Tasting on Český Krumlov
Mom put me in charge of where we would eat in Český Krumlov, so I did a bit of homework on Foursquare and my trusty USE-IT map. We ended up going to two restaurants, both of which served traditional Czech cuisines. Since this UNESCO town is the second-most popular tourist destination in the country outside of Prague, English-speaking staff and menus were readily available.
The currency in Czech Republic is the koruna (Kč), and at the time of writing, the exchange rate was about 24 Kč to US$1. All businesses are listed from most budget-friendly to least.
Na Louži
Kájovská 66, 381 01 Český Krumlov, Czech Republic
I emailed Na Louži for a lunch reservation at 11:30 and initially requested a pre-order of their whole roasted goose. But the staff cautioned that those birds are extremely heavy and would be quite expensive for our modest family of four (~US$75: they’re better suited for parties of five or six). So we opted to order off the regular menu. When we walked in, my name was on a card on our table.
We started with one 0.3L mug of each kind of Eggenberg beer available (light, dark, and yeast for 21 Kč each) and 0.3L of draft raspberry lemonade (23 Kč) for mom. At first, our waitress mistakenly brought out three light beers, but I got the attention of another waiter, and he gruffly took two mugs and brought out one dark and one yeast. Dad’s favorite was light, my favorite was dark, and Alex’s favorite was yeast. The lemonade was good but nothing special.
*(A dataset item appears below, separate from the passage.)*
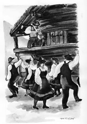 ska skipe ti spilemann'e so di sko høyre de!» , sa han. Tarkjell låg på Steinsland i Valle då han tok nordigjenom, - han hadde sjau mil å gange. Olav Steinsland tykte han var djarv, som torde våga seg mot Myllaren. «Han heve kjytt 'an vi gjere me so mykji leidt so tott' eg gama prøve», sa Tarkjell. Då han rakk fram mot Stavenes la han til med ein ovende ven slått og kom felande heim i tunet. Det var to gonger dei var innåt einannan i brudlaupet. Fyrste gongen var med kyrkja. Dei vigde etter messa allstødt i dei tidene. So var dei inn hiti kyrkjebygdi einkvarstad og sette på ladet. Med dei so venta på tidi, og langfarande folk åt nysta si, so dansa dei, - folk var so glade i gamal tid, mykje gladare enn dei er no. Brudlidet hans Kjetil var inn på Byklum, i Attistog [les: Utistog]; brudlidet hans Olav: i Lunden, på Bergje, - det var det jamne sonær, at brudlidi var inne på Bergje, avdi der var so slett eit tun. So la dei til å dansa, og Tarkjell sat upp-i loftsvali og fela. Då kom Myllaren og sette seg på durhella midt imot han, og kappfela med han. Men han fekk ikkje mål i fela: «Han musa, med Tarkjell våla», sa Olav Gråmann - han var med i brudlaupet, Olav. | ||

I spotted utopenec (pickled sausage for 55 Kč) and Olomoucké tvarůžky (Olomouc stinky cheese for 79 Kč) and figured my family should try these unique Czech dishes. The sausage was sour as expected, but I was weirded out by how the cheese was served in circular discs with large chunks of butter rather than with bread as I had in Olomouc.
Dad ordered the quarter of roasted duck with bread and potato knedlíky (219 Kč), Alex opted for the pork schnitzel stuffed with cheese and ham (212 Kč), and mom and I agreed on the pork platter (189 Kč). The duck was lean yet tender. The schnitzel required obvious skill to execute properly, and the pork platter was a veritable variety of different cuts and the best value. Whereas bread knedlíky is basically the equivalent of the Chinese mantou, everyone loved the potato knedlíky, which had a pleasant resistance to the tooth.
Making a reservation was the right call since the restaurant is not very big, and it filled up quickly.
U Dwau Maryí
Parkán 104, 381 01 Český Krumlov, Czech Republic
Aspiring to share what people used to eat 12th-century Český Krumlov, U Dwau Maryí is in an historic house on the north side of city center. Thanks to its location, you can enjoy an excellent view of the castle and St. Jost Church.
Alex and I started off with hot mead: one South Bohemian (65 Kč) and one almond (70 Kč). The South Bohemian one tasted like it uses the same herbs and spices as Kofola. But we preferred the almond one because it tasted slightly less strongly of alcohol. Both were very strong! Dad enjoyed another mug of Eggenberg Light (30 Kč).
Mom wanted the garlic soup (40 Kč) and couldn’t get enough of it. I had to ask for a second spoonful, but I don’t blame her! It was very comforting.
We ordered two portions of the Old Bohemian Feast, one with rabbit (175 Kč) and the other with pheasant (195 Kč). This was plenty since we were still a bit full from lunch. Both portions came with smoked meat, millet, potato cake, dumpling, potatoes, and salad. But there was not much rabbit and pheasant, so it would’ve been nice to double the main and keep the quantity of sides. Everything tasted so carefully made, especially the millet.
I spotted an item under the vegetarian section called, “potato dumplings with poppy seeds and sugar”, which I immediately ordered because this is supposedly a dish you can’t find in restaurants and requires a Czech grandma to make it for you. You’re supposed to eat it as an entrée, but we tried it for dessert. The dumplings were al dente, and the crushed poppy seeds reminded us of black sesame powder. Mom even thought she could get away with leaving the filling of tangyuan out of the glutinous rice!
What a wonderful day I spent with my family in this little town! I’m so glad we were able to coordinate this at the last minute.